Потянулась, закрыла глаза и принялась вспоминать всю скорбную историю дома старших Котов. Все, что мне Гира рассказывала, о чем Марк обмолвился где-то случайно, где-то отвечая на прямые вопросы. Все, что видела и что слышала.

А чтоб бездарно опять не молчать, я тихонечко заговорила:

— Знаете... чтобы понять, насколько мне повезло в этой жизни, достаточно было узнать вашу историю. Даже поверхностно. До сих пор я еще ни разу не сталкивалась с человеческими трагедиями вот так близко. Это похоже на пропасть. Бездонную и беспощадную. Я чувствую себя очевидцем того, как вы падаете в эту бездну. А сделать для вас ничего не могу. Как вы жили все эти годы? Как не сломались? Я пытаюсь представить, понять и не могу, не выходит никак. Эгоистичная я бы никогда не смогла любить спасшего жизнь мне мужчину, терпя его нечеловеческую жестокость. Его ведь ничто не держало, мы не в средние века тут живем. Да, и не спорьте! — Можно подумать, Мария мне возражала. — Давать вам надежду было бесчеловечно...

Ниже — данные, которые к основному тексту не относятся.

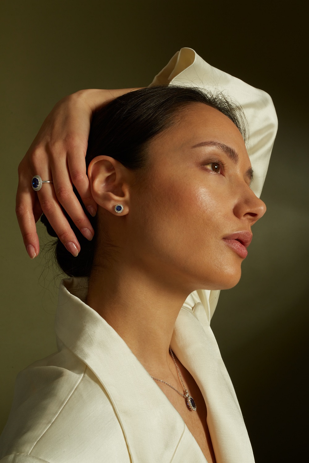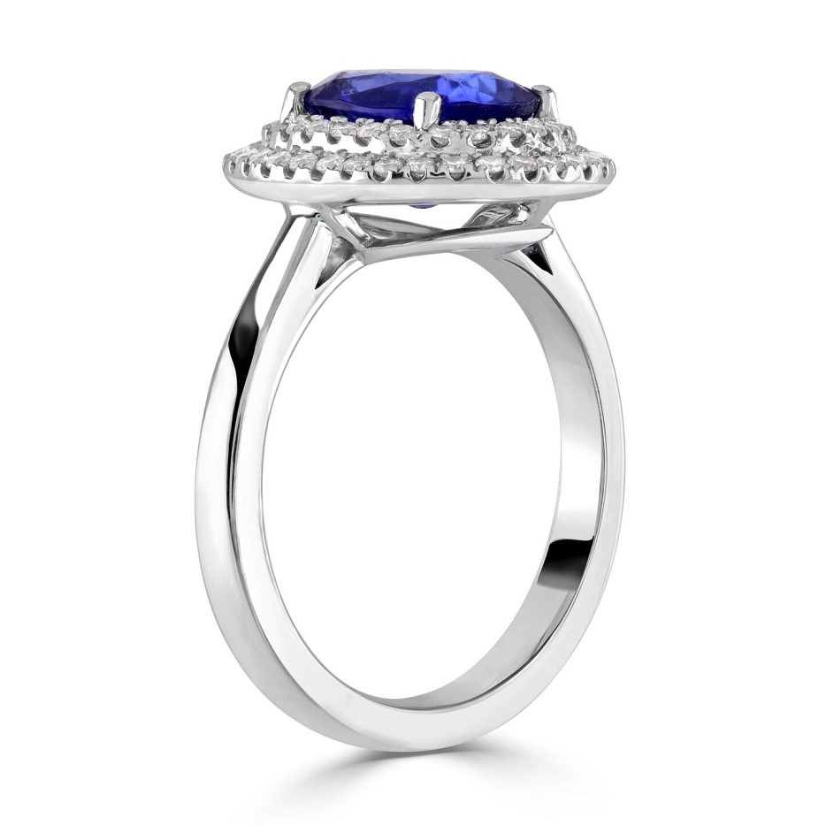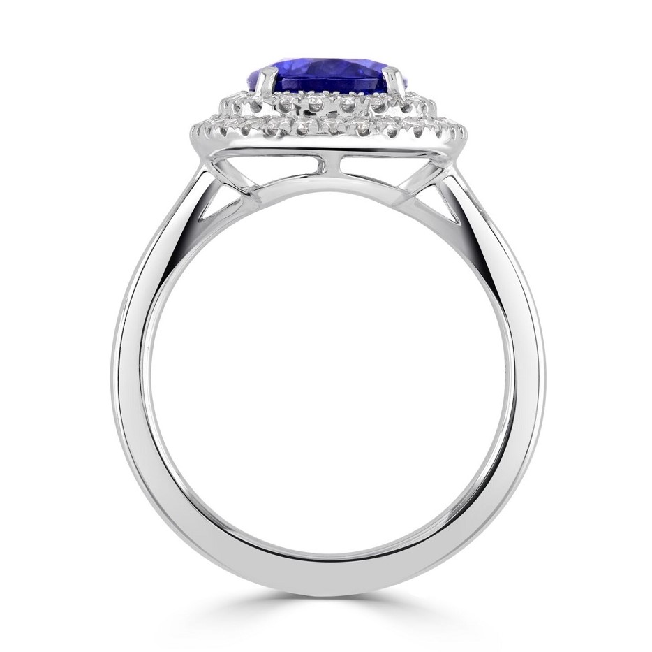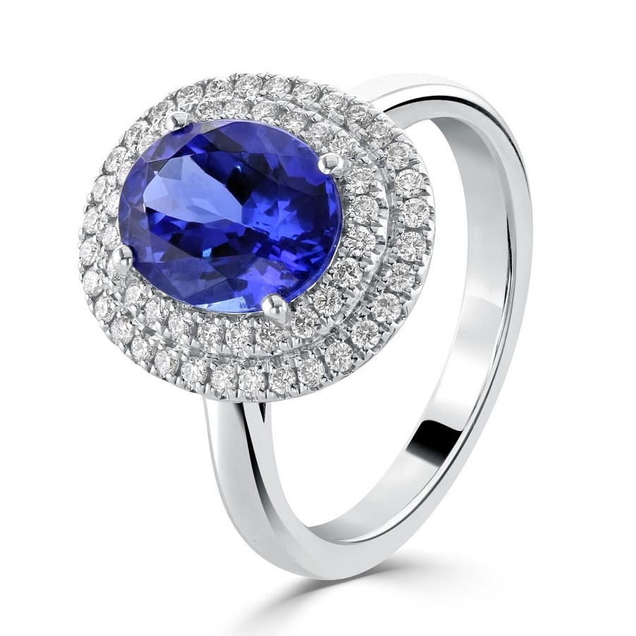 Unveil the epitome of luxury with our 18ct white gold cluster ring, featuring a mesmerizing centre oval-shaped Tanzanite, elegantly secured by a four-claw setting. This exquisite piece is further embellished with two rows of meticulously selected round brilliant cut diamonds, enhancing its majestic allure. The Tanzanite, weighing an impressive 2.82 carats, showcases a captivating play of colours, from deep blues to vibrant violets, symbolizing sophistication and rarity. Surrounding this stunning gemstone, the diamonds, with a total weight of 0.38 carats, add a breath taking sparkle that radiates from every angle. Crafted with unmatched precision and care, this ring is a testament to timeless elegance and unparalleled craftsmanship. Embrace the allure of this magnificent cluster ring, a perfect blend of beauty and brilliance, designed for those who seek to make a statement of luxury.

Я выдохнула, еще крепче зажмурившись. Даже произносить это все было больно и страшно. Я ведь с воображением женщина, очень ярко представившая себе эту дикость с медовым месяцем в образе любовницы мужа. И потом эти долгие годы лживого насквозь супружества. Маска, вросшая в душу, которую даже не снять. Как выдирать ее из себя, как жить потом с этим? Взрослеющий сын, в чертах которого ты тщетно ищешь того, кого потеряла. И не находишь. А потом и эту надежду отнимают те самые руки. Демоны не способны любить, ими движет банальная жадность. Наверное.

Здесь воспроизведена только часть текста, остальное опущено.